Deploying Packer Images with Dynamic Secrets from HashiCorp Vault

Using Packer to automate the build process for machine images is awesome. In fact I have found great success in automating image builds across many environments including VMware, AWS, Azure & GCP, but one thing has always been a bit of a concern for me…..storing the credentials. Of course each environment requires a different set of credentials and to easily access them I typically store them as environment variables or within a local file on my computer. In fact, doing something like this for my AWS deployments has been the norm.

$ export AWS_ACCESS_KEY_ID="awsaccesskey"
$ export AWS_SECRET_ACCESS_KEY="awssecretkey"

A better way

As the number of environments and set of credentials has been growing, I have found a need for storing and accessing them in a better way. Ideally I am looking to store credentials in a central location, look them up when needed for deployment and rotate them when done with the job at hand. I would like the ability to create a set of rotating credentials that can be called and used within my Packer automation workflows.

Enter Vault

HashiCorp, the creators of Packer, also have a secrets management product called Vault. Vault secures, stores, and tightly controls access to tokens, passwords, certificates, API keys, and other secrets in modern computing. Vault supports my idea of rotating credentials or as they call them ‘dynamic secrets’ to minimize the length of time a set of credentials should exist. Vault supports a number of secrets engines to ease integration including AWS, Azure, GCP, Databases and Active Directory. (There are a ton of other engines available, but these will get me started).

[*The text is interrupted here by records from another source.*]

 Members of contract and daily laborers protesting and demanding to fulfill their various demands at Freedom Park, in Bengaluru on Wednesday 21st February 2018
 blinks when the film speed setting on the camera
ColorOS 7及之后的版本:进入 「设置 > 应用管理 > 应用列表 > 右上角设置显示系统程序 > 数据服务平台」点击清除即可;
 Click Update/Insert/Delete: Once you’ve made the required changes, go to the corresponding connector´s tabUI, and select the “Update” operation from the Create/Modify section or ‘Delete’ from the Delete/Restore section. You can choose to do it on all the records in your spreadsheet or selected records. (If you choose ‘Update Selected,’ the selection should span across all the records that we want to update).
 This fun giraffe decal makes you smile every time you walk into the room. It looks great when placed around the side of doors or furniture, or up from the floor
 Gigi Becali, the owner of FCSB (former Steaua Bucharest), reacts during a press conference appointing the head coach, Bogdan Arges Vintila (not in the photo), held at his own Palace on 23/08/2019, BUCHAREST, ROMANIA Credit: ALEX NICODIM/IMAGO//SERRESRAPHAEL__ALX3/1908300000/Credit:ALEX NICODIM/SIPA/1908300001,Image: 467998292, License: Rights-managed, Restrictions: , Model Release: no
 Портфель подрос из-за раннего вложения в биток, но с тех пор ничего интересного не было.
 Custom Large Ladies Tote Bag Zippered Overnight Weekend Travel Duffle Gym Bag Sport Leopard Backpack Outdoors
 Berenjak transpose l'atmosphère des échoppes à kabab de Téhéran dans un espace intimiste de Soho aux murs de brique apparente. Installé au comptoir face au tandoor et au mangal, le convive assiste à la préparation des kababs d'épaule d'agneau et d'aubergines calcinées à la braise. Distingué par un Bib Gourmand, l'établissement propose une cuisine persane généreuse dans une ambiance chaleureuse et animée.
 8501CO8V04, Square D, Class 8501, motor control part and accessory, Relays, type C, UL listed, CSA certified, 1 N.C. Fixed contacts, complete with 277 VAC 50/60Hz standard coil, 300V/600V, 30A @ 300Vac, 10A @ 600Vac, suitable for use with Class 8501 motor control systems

In this case, we will utilize Vault’s AWS secrets engine to generate dynamic, on-demand AWS access credentials for my Packer AMI builds.

Enabling The AWS Secrets Engine in Vault

The AWS secrets engine can be enabled via the Vault command line our UI. Below is a quick video capturing the steps using the UI.

vault_packer_awsengine.gif

  1. Enable the AWS Secrets Engine

  2. Configure the AWS Secrets Engine by providing AWS credentials that provide Vault the ability to dynamically manage IAM Users.

  3. Create a ‘Packer’ role and specify the minimum set of permissions Packer needs to build AMIs. This is done by attaching the appropriate policy to the Packer role, which can be cut/past from the policy outlined in Packer’s AWS AMI builder documentation.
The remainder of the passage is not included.